The Lancia Kappa or Lancia k (Type 838) is an executive car manufactured and marketed by Italian manufacturer Lancia from 1994–2000, with saloon, estate, and coupé variants — sharing platforms with the Alfa Romeo 166. The Kappa has a front-engine, front-drive, five passenger, left-hand drive design.

After its debut at the 1994 Paris Auto Show, production reached 117,216, over six years. The Kappa was manufactured at the Fiat factory in Tetti Francesi, Rivalta di Torino and was designed by the Lancia Style Center in collaboration with the I.DE.A Institute.

Lancia had earlier used the Kappa nameplate for the 1919 Kappa, with evolutions called Dikappa and Trikappa).

Overview

Kappa is the tenth letter of the Greek alphabet, Lancia having frequently used the Greek letters for its model nameplates.  In writing, Lancia often referred to the Kappa simply as the k (lower case "k"), which is fairly similar to the original Greek letter κ.

In Poland, where Fiat Auto is the largest domestic car manufacturer, the Kappa served as official government cars (replacing Themas).

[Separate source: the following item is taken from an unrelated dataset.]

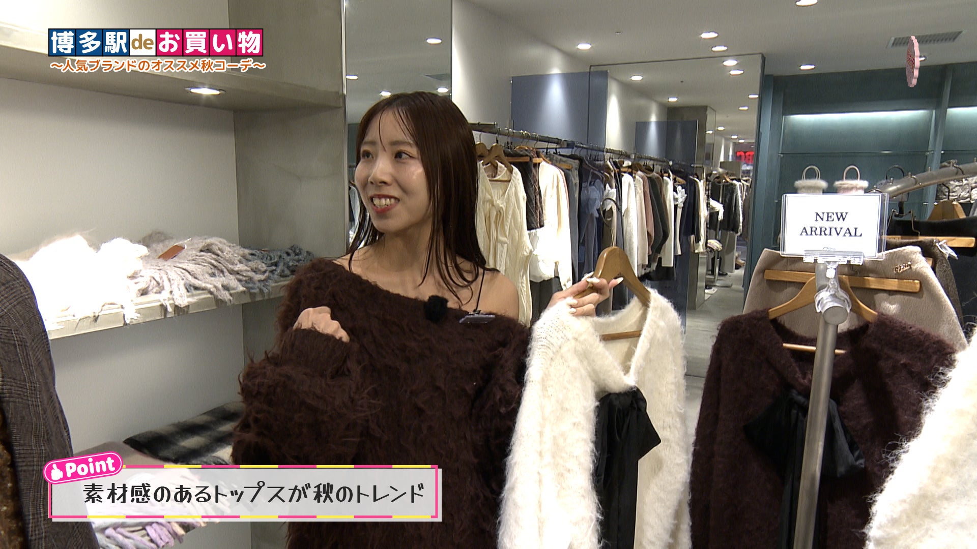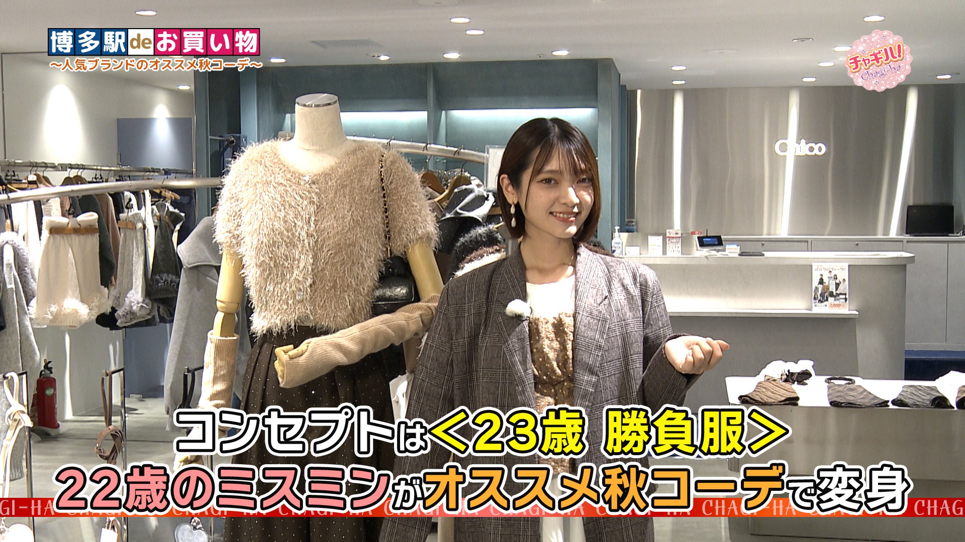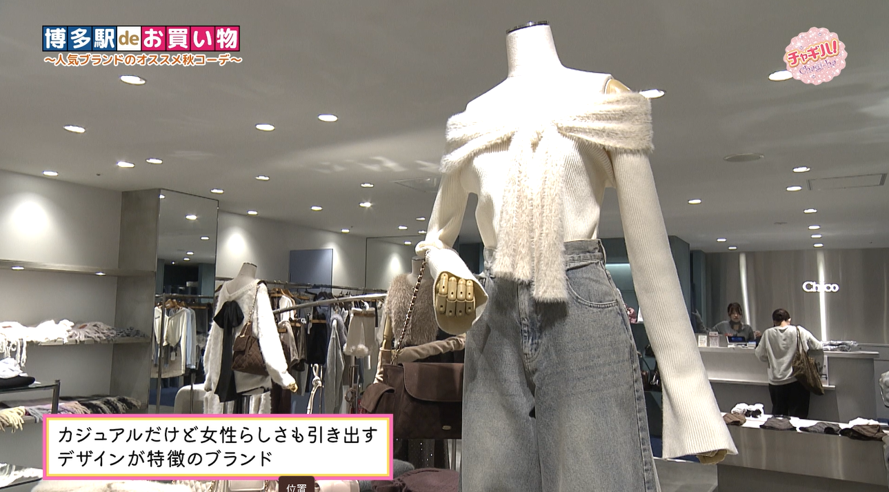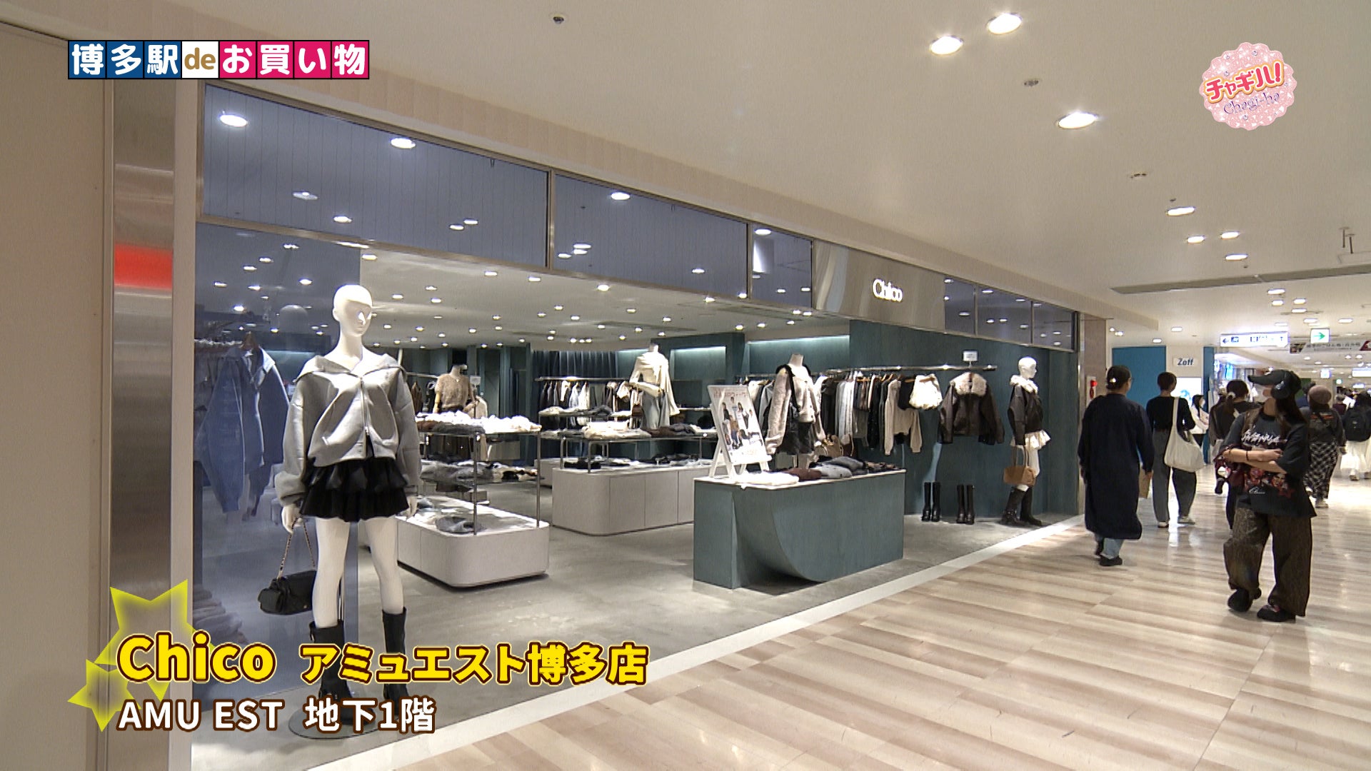 博多駅deお買い物!続いて2人が訪れたのは、AMU EST地下1階にある「Chico アミュエスト博多店」です。カジュアルだけど、女性らしさも引き出すデザインが特徴のブランドです。

Autocar's Peter Robinson reviewed the Kappa in November 1994. He commented on the car's bland styling which was justified by Fiat's Paolo Cantarella on the basis that the designers did not want to create too much "visual noise." The body was reported as having twice the torsional rigidity of the outgoing Thema, and was 15 percent stiffer than any of its rivals. The automatic Aisin-Warner gearbox (50-40 LE type) was shared with the Volvo 850. Robinson went on to say "the Kappa´s dimensions ensure a commodious interior, the impression of space only heightened by a low cowl and very Japanese-looking fascia, somewhere between a Honda NSX and Lexus LS400." Rear cabin room was described as "immense" but the cushion was criticised for being too flat, a fault rectified in later iterations of the car. Robinson criticised the "horrid mock wood with which Lancia frames the prominent central console that runs from the handbrake, up the full length of the dash and over the top." About the driving characteristics, Robinson wrote: "If Lancia quietened the starter motor, this would be one refined drivetrain...with no hint of any 5-cylinder unevenness." The 2.4 litre engine tested appeared to have been tuned for low-end torque, a characteristic of this Alpine brand. The engine was praised by Robinson for its "smooth responsiveness" and "torque steer has been eliminated...and the Servotronic steering is terrific, with just the right degree of self-centering." His summary of ride and handling was that car was better than average but not class-leading: "On the Lancia there is too much body roll and the front grip in the wet didn't inspire confidence."

Model history
 1994 - Kappa production begins.
 1996 - An estate car joins the lineup. The naturally aspirated 2.0-litre gasoline engine is fitted with a variable geometry inlet manifold. Inside the cabin, the seats are replaced by a new design, including new upholstery patterns.
 1997 - The coupé is launched, while at the same time, some changes are made to the interior, trunk, suspension and engine bay, as well as new alloy wheels.
 1998 - The 2.0 L turbocharged four-cylinder engine gets replaced by the five-cylinder, while the turbodiesel was upgraded to a JTD engine. The bumper guards, previously black, are changed to body-coloured, and the base trim level, LE, is dropped, leaving only the more lavish LS and LX. At the same time, a special trim level is introduced for the turbocharged gasoline engine, called simply the "Turbo", distinguished by the lack of chrome decals around the window frames. The interior materials are also upgraded across the lineup, including the addition of a leather-wrapped steering wheel with a different design and front central armrest.
 1999 - The other two five-cylinder engines are modified along with the air conditioning unit.
 2000 - The Kappa gains xenon HID headlamps. Production ceased in mid-2000 (Coupé's earlier in the year).

Kappa SW and Coupé

The station wagon version of the Kappa, designated "SW" by Lancia, was designed and built by Pininfarina and did not differ from the saloon exterior dimensions, sharing most of its body panels. Only 9,208 cars were built in Pininfarina's factory. This estate version was also available with Boge-Nivomat self-levelling hydropneumatic rear suspension.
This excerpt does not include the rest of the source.